» What needs to be done
Wherever a picture sits, omit it. Output the rest of the listing exactly.
^^^^
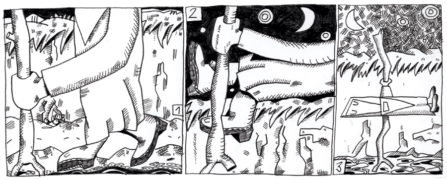 (100 / 281) Den haben manche vielleicht wieder vergessen. Den Reli. Von weitem ist er auch nicht mehr so leicht zu erkennen, weil sein Kennzeichen, der Wanderstab, fehlt. Der ist bei der Landung im schwebenden Wald verloren gegangen. Aber auch auf dem Ast, den er stattdessen verwendet, kann er sich gut abstützen. Seit seiner Landung geht der Reli unentwegt flussaufwärts. Die Spaltung des Wassers in Leicht- und Schwerwasser ist weit vorangeschritten. Man kann auf dem Wasser gehen. Diese Veränderung ist dem Reli in Richtung Quelle vorausgeeilt. Aber nicht nur das Wasser ist tragfähiger geworden. Die Schuhsohlen werden leichter; denn durch die Berührung mit dem schweren Wasser oder genauer gesagt durch die infinitesimale Annäherung an das Schwerwasser verlieren sie jede Schwere, so daß der Reli nicht nur wegen des langen Fastens zu schweben meint. Er schwebt wirklich. Als er müde wird, kann er daher im Flußbett wie in Abrahams Schoß schlafen. Auch hier sieht man, daß der Ast ein guter Tausch war. |
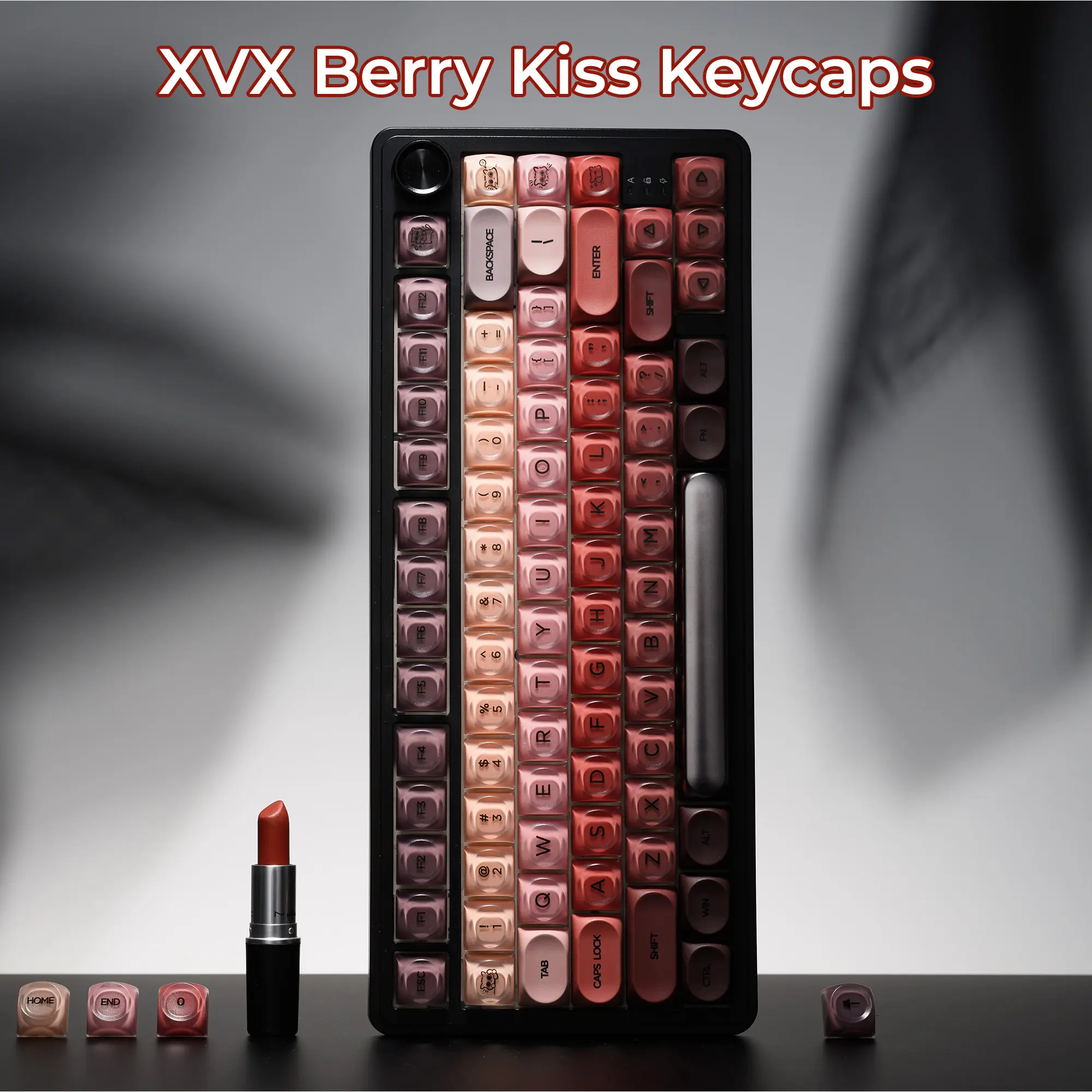 Gorgeous caps. Very similar to the lofree lipstick. Love the chromey space bar. Nice touch.
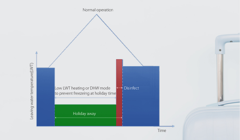 Režim dovolenky zvyšuje spoľahlivosť systému a pomáha šetriť energiu. Zariadenie pracuje v režime vykurovania a/alebo prípravy teplej vody s nízkou teplotou, aby sa zabránilo zamrznutiu počas vašej neprítomnosti. Používateľ môže vopred nastaviť dezinfekčný režim, aby bola po návrate k dispozícii hygienicky nezávadná teplá voda.
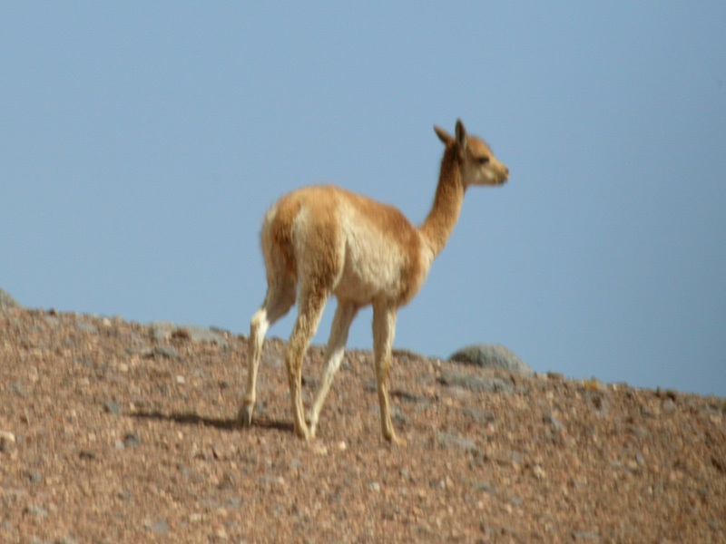 The vicuña (Vicugna vicugna) is one of two wild South American camelids, along with the guanaco, which live in the high alpineous areas of the Andes. It is a relative of the llama and the alpaca. Vicuñas produce small amounts of extremely fine wool, which is very expensive because the animal can only be shorn every 3 years. When knitted together, the product of the vicuña's fur is very soft and warm. It is understood that the Inca raised vicuñas for their wool, and that it was against the law for any but royalty to wear vicuña garments. Both under the rule of the Inca and today, vicuñas have been protected by law. Before being declared endangered in 1974, only about 6,000 animals were left. Today, the vicuña have recovered to about 125,000 but organizations such as the IUCN and the U.S. Department of the Interior still consider it endangered.
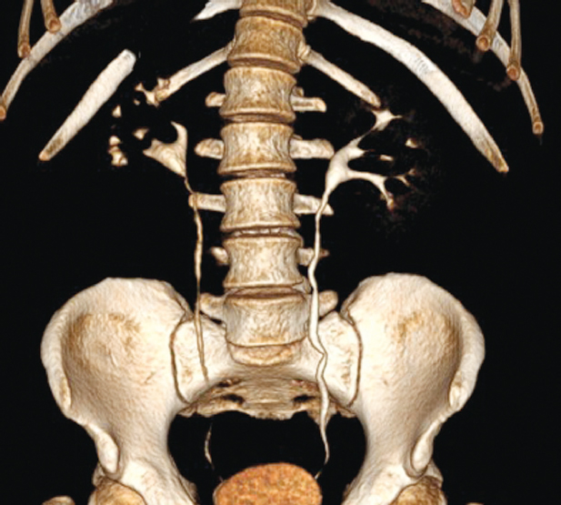 Рис. 2. Комьютерная томография-урография пациента через 36 мес. после буккальной пластики верхней трети правого мочеточника. Хорошая проходимость верхних мочевыводящих путей / Fig. 2. CT urography of the patient 36 months after buccal plasty of the upper third of the right ureter. Good patency of the upper urinary tract
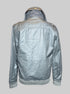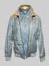 S Superdry black fleece lined zip up jacket with blue accents, zipper pockets, and multiple snap buttons
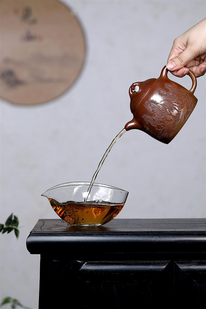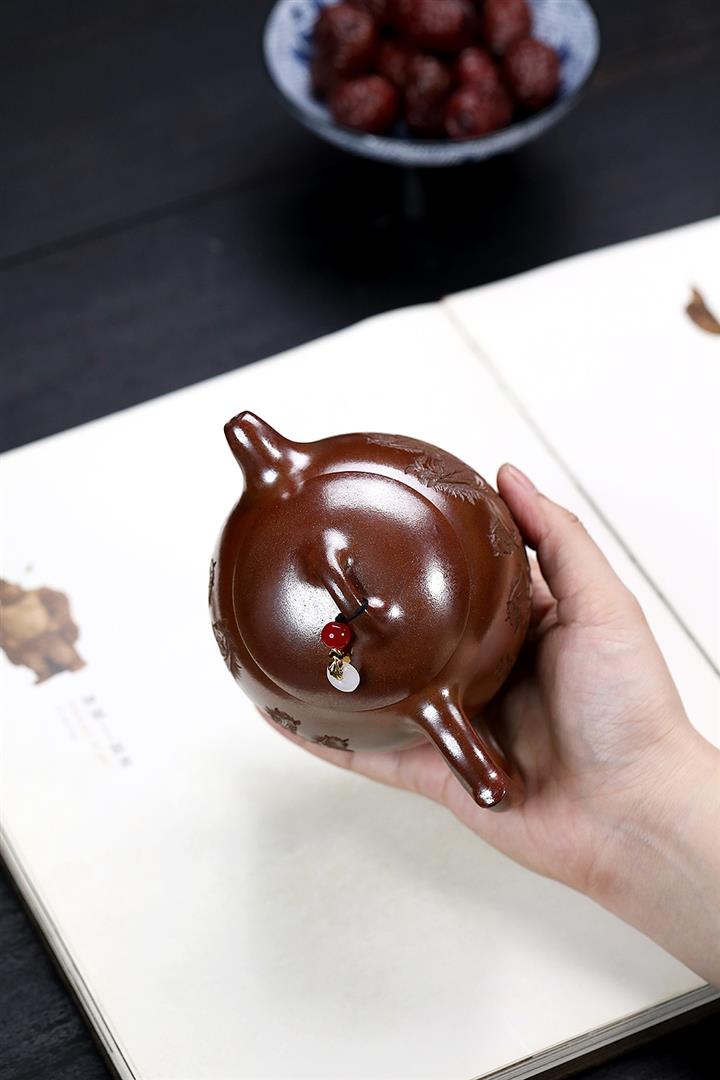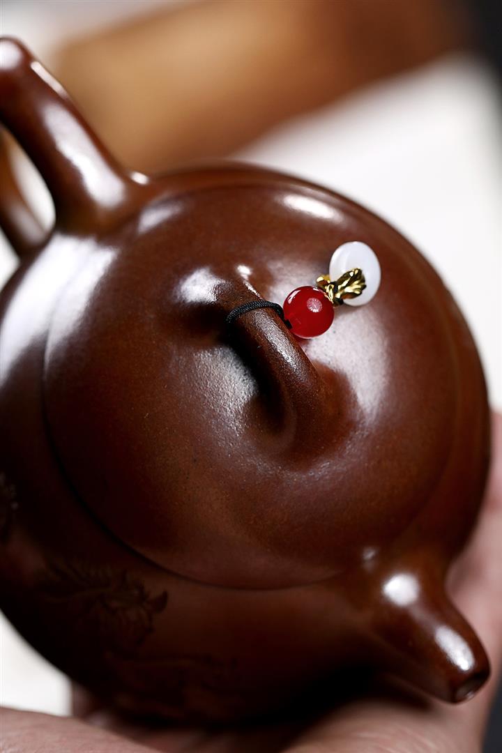 【泥料特點】砂土氣重,似淳實農民,日久使用,漸露鋒芒,養成變化,溫潤莊重。紫砂是壹種雙重氣孔結構的多孔性材質,氣孔微細,密度高。用紫砂壺沏茶,不失原味,且香不渙散,得茶之真香真味。紫砂使用越久,壺身色澤越發光亮照人,氣韻溫雅。紫砂壺長久使用器身會因撫摸擦拭,變得越發溫潤光澤。
^^^^
» Task response
 (100 / 281) Den haben manche vielleicht wieder vergessen. Den Reli. Von weitem ist er auch nicht mehr so leicht zu erkennen, weil sein Kennzeichen, der Wanderstab, fehlt. Der ist bei der Landung im schwebenden Wald verloren gegangen. Aber auch auf dem Ast, den er stattdessen verwendet, kann er sich gut abstützen. Seit seiner Landung geht der Reli unentwegt flussaufwärts. Die Spaltung des Wassers in Leicht- und Schwerwasser ist weit vorangeschritten. Man kann auf dem Wasser gehen. Diese Veränderung ist dem Reli in Richtung Quelle vorausgeeilt. Aber nicht nur das Wasser ist tragfähiger geworden. Die Schuhsohlen werden leichter; denn durch die Berührung mit dem schweren Wasser oder genauer gesagt durch die infinitesimale Annäherung an das Schwerwasser verlieren sie jede Schwere, so daß der Reli nicht nur wegen des langen Fastens zu schweben meint. Er schwebt wirklich. Als er müde wird, kann er daher im Flußbett wie in Abrahams Schoß schlafen. Auch hier sieht man, daß der Ast ein guter Tausch war. |
 Gorgeous caps. Very similar to the lofree lipstick. Love the chromey space bar. Nice touch.
 Režim dovolenky zvyšuje spoľahlivosť systému a pomáha šetriť energiu. Zariadenie pracuje v režime vykurovania a/alebo prípravy teplej vody s nízkou teplotou, aby sa zabránilo zamrznutiu počas vašej neprítomnosti. Používateľ môže vopred nastaviť dezinfekčný režim, aby bola po návrate k dispozícii hygienicky nezávadná teplá voda.
 The vicuña (Vicugna vicugna) is one of two wild South American camelids, along with the guanaco, which live in the high alpineous areas of the Andes. It is a relative of the llama and the alpaca. Vicuñas produce small amounts of extremely fine wool, which is very expensive because the animal can only be shorn every 3 years. When knitted together, the product of the vicuña's fur is very soft and warm. It is understood that the Inca raised vicuñas for their wool, and that it was against the law for any but royalty to wear vicuña garments. Both under the rule of the Inca and today, vicuñas have been protected by law. Before being declared endangered in 1974, only about 6,000 animals were left. Today, the vicuña have recovered to about 125,000 but organizations such as the IUCN and the U.S. Department of the Interior still consider it endangered.
 Рис. 2. Комьютерная томография-урография пациента через 36 мес. после буккальной пластики верхней трети правого мочеточника. Хорошая проходимость верхних мочевыводящих путей / Fig. 2. CT urography of the patient 36 months after buccal plasty of the upper third of the right ureter. Good patency of the upper urinary tract
 S Superdry black fleece lined zip up jacket with blue accents, zipper pockets, and multiple snap buttons
 【泥料特點】砂土氣重,似淳實農民,日久使用,漸露鋒芒,養成變化,溫潤莊重。紫砂是壹種雙重氣孔結構的多孔性材質,氣孔微細,密度高。用紫砂壺沏茶,不失原味,且香不渙散,得茶之真香真味。紫砂使用越久,壺身色澤越發光亮照人,氣韻溫雅。紫砂壺長久使用器身會因撫摸擦拭,變得越發溫潤光澤。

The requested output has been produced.